- Anocha Panjoy before her abduction
- Born: Buapha Panjoy (บัวผา ปันจ้อย) July 12, 1955 (age 71) Huai Sai, San Kamphaeng, Chiang Mai, Thailand
- Disappeared: 21 May 1978 (aged 22) Macau
- Status: Missing for 48 years, 1 month and 29 days
- Spouse: Larry Allen Abshier ​ ​(m. 1978; died 1983)​

= Anocha Panjoy =

Thai woman kidnapped by North Korea (born 1955)

Anocha Panjoy (อโนชา ปันจ้อย; ; born July 12, 1955) is a Thai national who was abducted by North Korean agents from Macau on 21 May 1978. Her case only became known after the release of the American Charles Robert Jenkins and his Japanese family in 2004.

==Early life and abduction==
Panjoy was born in the village of Ban Nong Sae in Huai Sai, San Kamphaeng District, Chiang Mai Province, northern Thailand. Her father, Som Panjoy, was a Korean War veteran. Panjoy's mother died while she was a child, and her father died three months before the family became aware of what had happened to her.

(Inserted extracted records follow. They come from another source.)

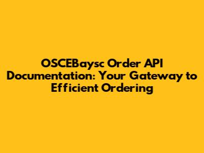 OSCEBaysc Order API: Your Guide To Seamless Integration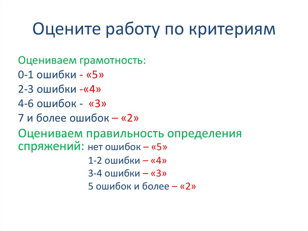 Оцените работу по критериямОцениваем грамотность: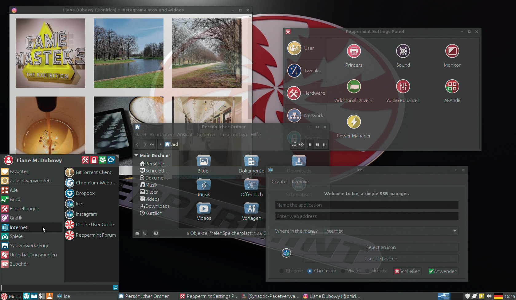 Die Linux-Distribution Peppermint ist auch in Version 8 ganz auf Web-Anwendungen ausgerichtet. Nur wenige Programme sind vorinstalliert, dafür bietet Ice eine einfache Möglichkeit, Web-Apps wie Facebook, Instagram oder die Online-Bildbearbeitung Pixlr in den Linux-Desktop zu integrieren. Ice bringt eine grafische Oberfläche zum Anlegen solcher „Site Specific Browsers“ (SSB) mit, die dann auch im Menü auftauchen.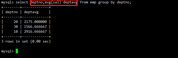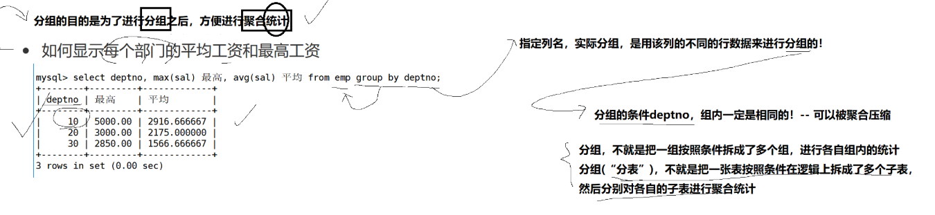 GROUP BY deptno将所有员工按部门编号分组。然后,AVG(sal)和MAX(sal)分别计算每个分组(即每个部门)的平均工资和最高工资。

After graduating from high-school, Panjoy moved to Bangkok, and then to Macau where she worked as a massage therapist in a local hotel. On 21 May 1978, she left her apartment telling her friends she was going to a local beauty parlour. According to Charles Robert Jenkins, whose book The Reluctant Communist tells of the abduction as related to him personally by Panjoy, she had agreed to take a man claiming to be a Japanese tourist on a guided boat tour. On a nearby beach, she was then ambushed and forced onto the boat, before being taken to North Korea.

==Life in North Korea==
Shortly after her arrival in Pyongyang, Panjoy was forced to marry U.S. defector Larry Allen Abshier. In 1980 Panjoy and her husband moved into an apartment near Jenkins and his Japanese wife Hitomi Soga, herself an abductee. Panjoy became close with the family. Abshier died in 1983.

Panjoy continued to live close to the Jenkins family until 1989, when she married an East German businessman who worked for the government. Soga and Jenkins last saw Panjoy in 1989, shortly before her second wedding.

Jenkins stated that when he met Panjoy, she wished to return to Thailand and reunite with her family.

==Sightings and information since 2000==
In 2003, shortly before his departure to Japan, Jenkins was told by North Korean officials that if he chose to remain in North Korea, he would be allowed to live with Panjoy. This made him believe she was still alive.

Panjoy's family had no information about her condition until 2005, when her older brother recognised her in a photograph being held by Jenkins during a television interview. Once her family realised she was alive until at least 1989, they began to look for help to have her returned.

In 2005, Panjoy's brother met Teruaki Masumoto, the secretary general of the National Association for the Rescue of Japanese Kidnapped by North Korea (NAKRN).

In 2006, the city of Chiang Mai, near Panjoy's hometown staged a photo exhibition to draw attention to her story. Suknam Panjoy wrote an open letter to his sister, supported by NARKN, and ReACH.

I wonder if you miss me after you read this letter? Since seeing your news, everybody in our family hopes to see you soon. This abduction should never have happened to you. Everybody wants to see you. You know, after you disappeared, we have faced many trials and tribulations. We have spent a lot of money trying to find you. Our father fell ill so I finally admitted him to the hospital at age 97. But, he passed away last year. I hope that if you read this letter, you will miss all of your family. Your family wants to help you come back. You don’t need to be afraid of anything.

With the death of Kim Jong-il in December 2011, people were hopeful that progress could be made in negotiations between the countries.

North Korea denies that Panjoy was abducted by its agents or that she was ever in the country. North Korea also denies the abduction of the nationals of any country other than Japan.